Streaming JSONL data#
In this example, we demonstrate how to stream JSONL data from a URL and parse it into a dataframe and visualise the data. We will use the XSGD-USDC pair on Uniswap V3 token as an example.
JSON lines#
JSON Lines is a convenient format for storing structured data that may be processed one record at a time. This is preferred method for getting large amounts of OHLCV data due to the ease of incremental processing and lower memory footprint
JSON Lines is like JSON, but each new line (record) is a new JSON object.

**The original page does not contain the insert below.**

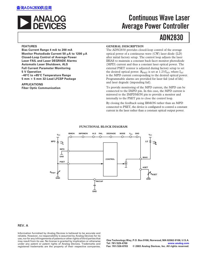 ANALOG DEVICES ADN2830 数据手册.pdf

The basic structure of JSON Lines is very simple:
{"name": "John", "age": 30, "city": "New York"}
{"name": "Jane", "age": 25, "city": "Chicago"}
{"name": "Jim", "age": 35, "city": "Los Angeles"}
In the above example, each line is a valid JSON object, and each line can be parsed independently of the other lines. This property makes JSON Lines ideal for data storage where new records are appended over time, such as log files. It’s also good for data processing tasks that can be carried out in a line-by-line manner, such as Unix ‘grep’, ‘sed’, or ‘awk’.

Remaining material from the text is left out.